___ Data shown

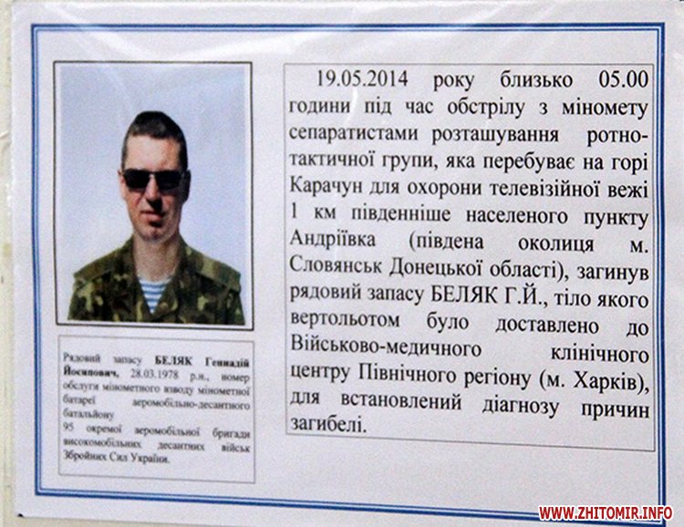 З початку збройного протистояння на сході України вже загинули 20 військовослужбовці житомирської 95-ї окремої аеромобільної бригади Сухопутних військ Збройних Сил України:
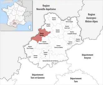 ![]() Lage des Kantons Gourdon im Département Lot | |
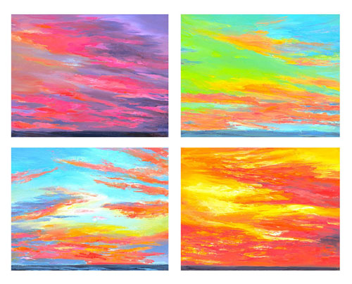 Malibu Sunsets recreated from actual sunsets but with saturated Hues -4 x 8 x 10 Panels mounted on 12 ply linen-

______

_Task details_:
Retype all of the data above word for word, excluding the pictures.

_Output for this exercise_:
 З початку збройного протистояння на сході України вже загинули 20 військовослужбовці житомирської 95-ї окремої аеромобільної бригади Сухопутних військ Збройних Сил України:
 ![]() Lage des Kantons Gourdon im Département Lot | |
 Malibu Sunsets recreated from actual sunsets but with saturated Hues -4 x 8 x 10 Panels mounted on 12 ply linen-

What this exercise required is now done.